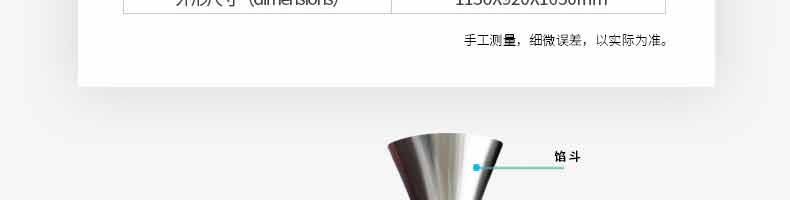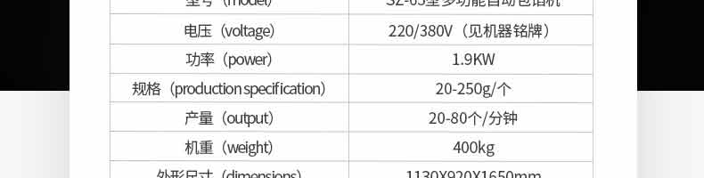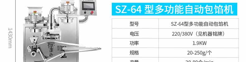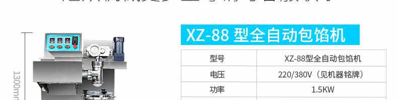 名稱XZ-65多功能包餡機(jī) 電源220/380V 功率1.9kw 產(chǎn)量20-80個(gè)/分鐘 尺寸1130*920*1650mm 重量400kg 規(guī)格20-250克/個(gè) 其他皮餡比例2:8 5:5
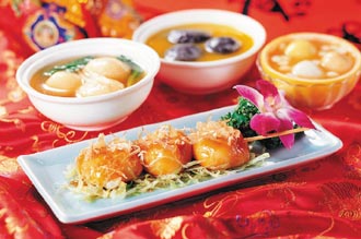 今年六福客棧把墨魚汁與外皮結(jié)合,蟹肉當(dāng)內(nèi)餡,成了新潮的“黑元宵”,臺中福華飯店則把黃椒與外皮結(jié)合,起司與蓮蓉為內(nèi)餡,成了從里到外都“是金A”的金元宵。
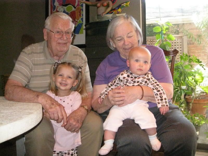 And in follow-up news, we travelled to Houston today to see some long-distance family. Now, when I say long distance, I mean long distance. Aunt Bettye and Uncle John are in Texas for my aunt's funeral from Maryland. Since they made it to Texas, we figure we can drive to Houston to see them. The last time we saw them Brooke was probably about a year old, maybe. So, here they are with both the girls. And yes, it is Aunt Bettye and Uncle John - in that order. At least she has always come first when referring to the two, at least as long as I have been alive. Not sure why - but it just sounds right. Brooke really liked seeing them, but I do believe Brenna was more infatuated with my cousin, Bobby. (who is not in this picture..sorry)
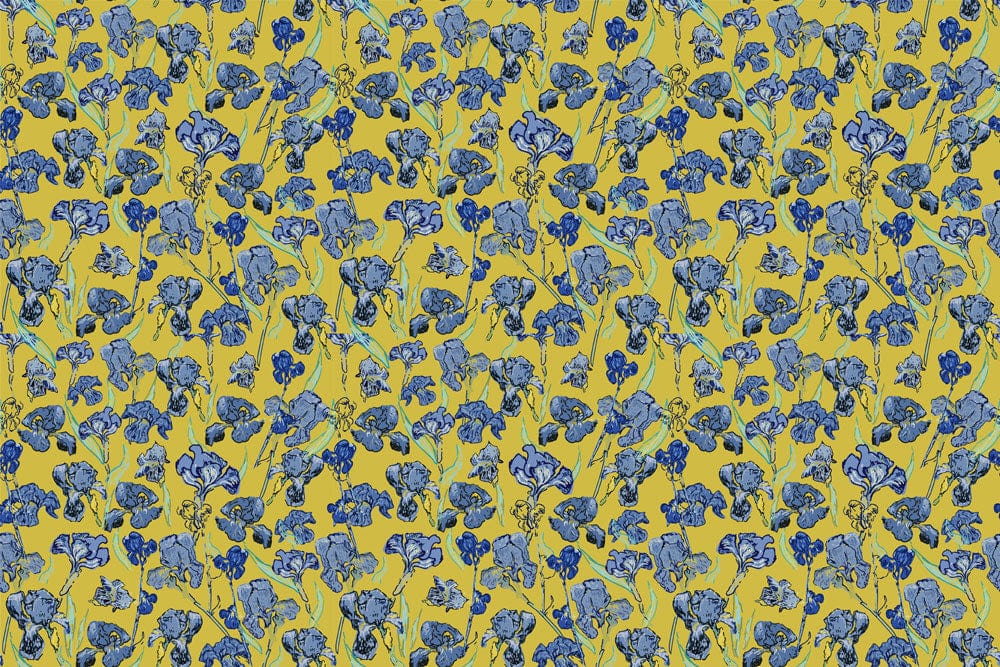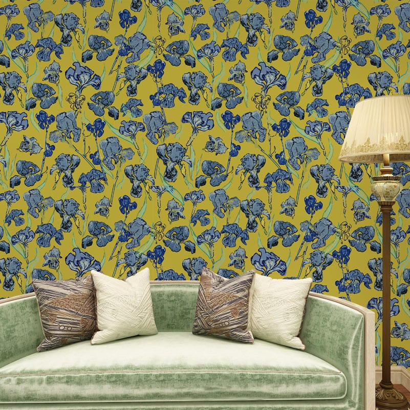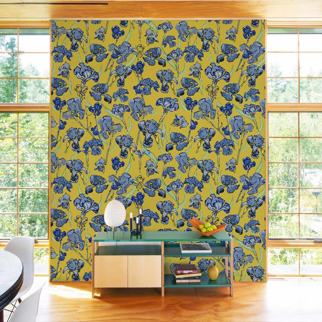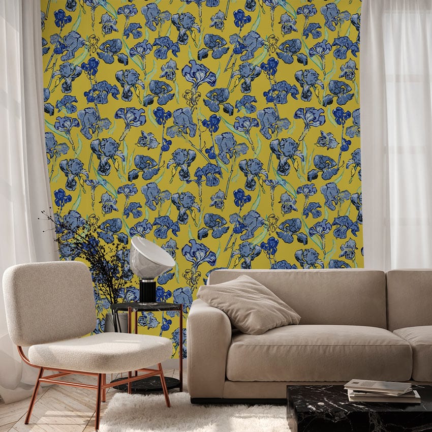 The Bright Iris Bloom Mural Wallpaper captures the eye with its exquisite floral design, echoing the grace and beauty of iris flowers dancing against a golden backdrop. Intricate blue petals interweave with delicate stems, creating a serene yet striking visual statement. This mural suits a variety of interior settings, imparting a sense of timeless elegance and artistic charm.
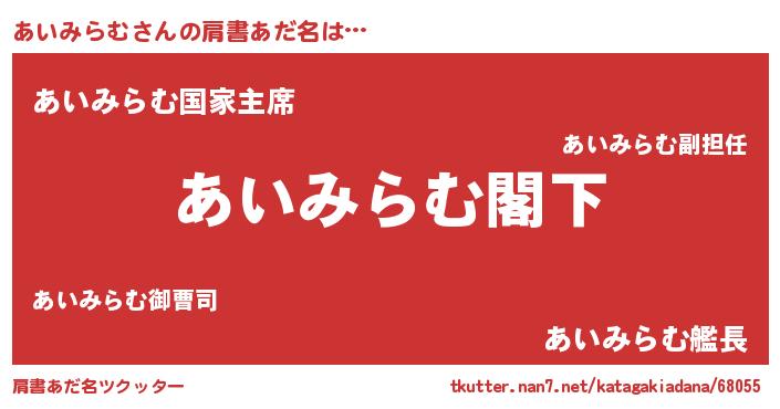 | 男性向けラノベタイトル風あだ名 | 『Re:あいみらむから始める異世界生活』 |
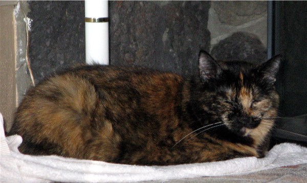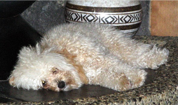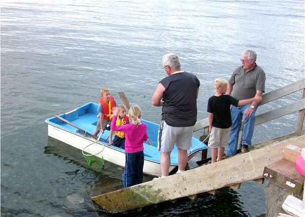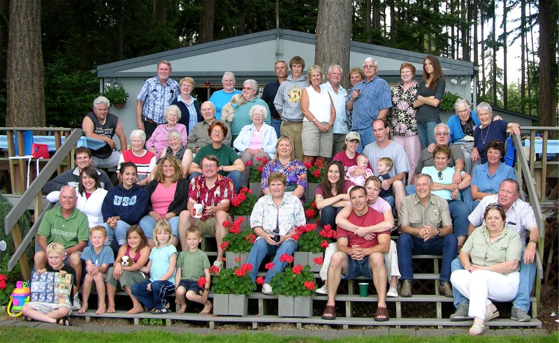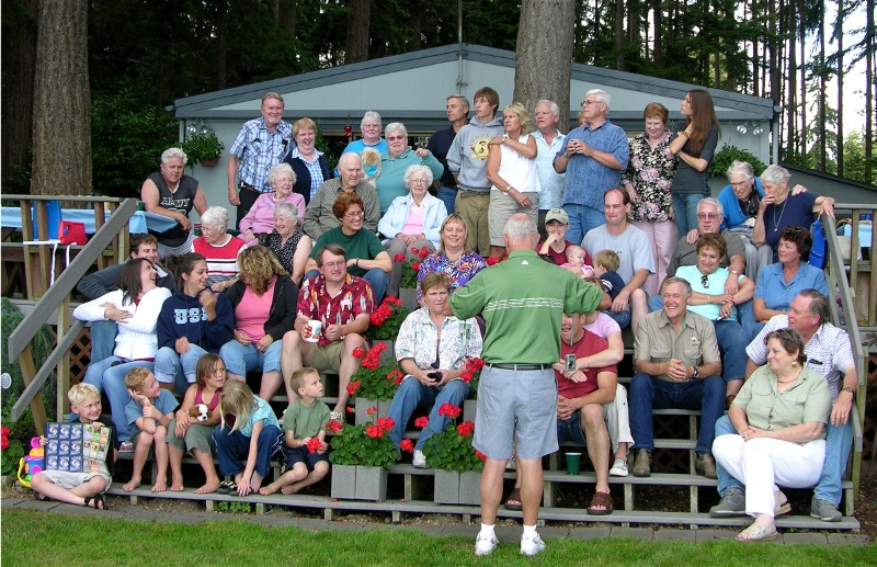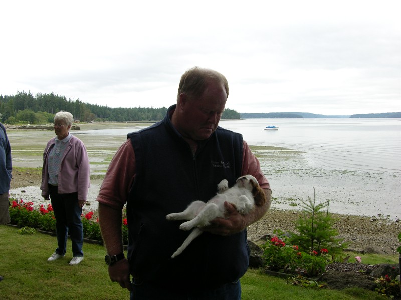 Shelby, her grandfather and new puppy Lily by the porta potty that is needed to handle so many people for the weekend. Lily was a big hit at the family gathering.
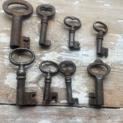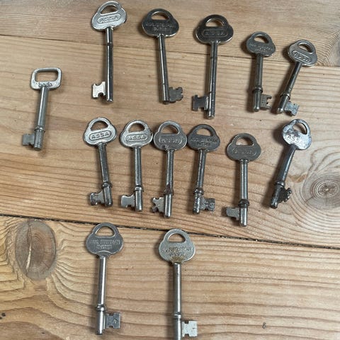 12 st Äldre nyklar Före 50 talet. Låsbolaget F A Stenman Eskilstuna bland annat. Ser siffrorna 7 23 4. Vissa kan vara omodulerade genom åren. Rost och slitage förekommer
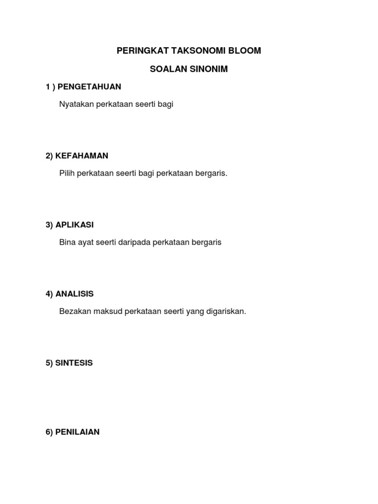 Soalan Sinonim Taksonomi Bloom

### PROBLEM TO WORK ON
An exact restatement of every record is required. Omit the images.

### WRITTEN ANSWER
 名稱XZ-65多功能包餡機(jī) 電源220/380V 功率1.9kw 產(chǎn)量20-80個(gè)/分鐘 尺寸1130*920*1650mm 重量400kg 規(guī)格20-250克/個(gè) 其他皮餡比例2:8 5:5
 今年六福客棧把墨魚汁與外皮結(jié)合,蟹肉當(dāng)內(nèi)餡,成了新潮的“黑元宵”,臺中福華飯店則把黃椒與外皮結(jié)合,起司與蓮蓉為內(nèi)餡,成了從里到外都“是金A”的金元宵。
 And in follow-up news, we travelled to Houston today to see some long-distance family. Now, when I say long distance, I mean long distance. Aunt Bettye and Uncle John are in Texas for my aunt's funeral from Maryland. Since they made it to Texas, we figure we can drive to Houston to see them. The last time we saw them Brooke was probably about a year old, maybe. So, here they are with both the girls. And yes, it is Aunt Bettye and Uncle John - in that order. At least she has always come first when referring to the two, at least as long as I have been alive. Not sure why - but it just sounds right. Brooke really liked seeing them, but I do believe Brenna was more infatuated with my cousin, Bobby. (who is not in this picture..sorry)
 The Bright Iris Bloom Mural Wallpaper captures the eye with its exquisite floral design, echoing the grace and beauty of iris flowers dancing against a golden backdrop. Intricate blue petals interweave with delicate stems, creating a serene yet striking visual statement. This mural suits a variety of interior settings, imparting a sense of timeless elegance and artistic charm.
 | 男性向けラノベタイトル風あだ名 | 『Re:あいみらむから始める異世界生活』 |
 Shelby, her grandfather and new puppy Lily by the porta potty that is needed to handle so many people for the weekend. Lily was a big hit at the family gathering.
 12 st Äldre nyklar Före 50 talet. Låsbolaget F A Stenman Eskilstuna bland annat. Ser siffrorna 7 23 4. Vissa kan vara omodulerade genom åren. Rost och slitage förekommer
 Soalan Sinonim Taksonomi Bloom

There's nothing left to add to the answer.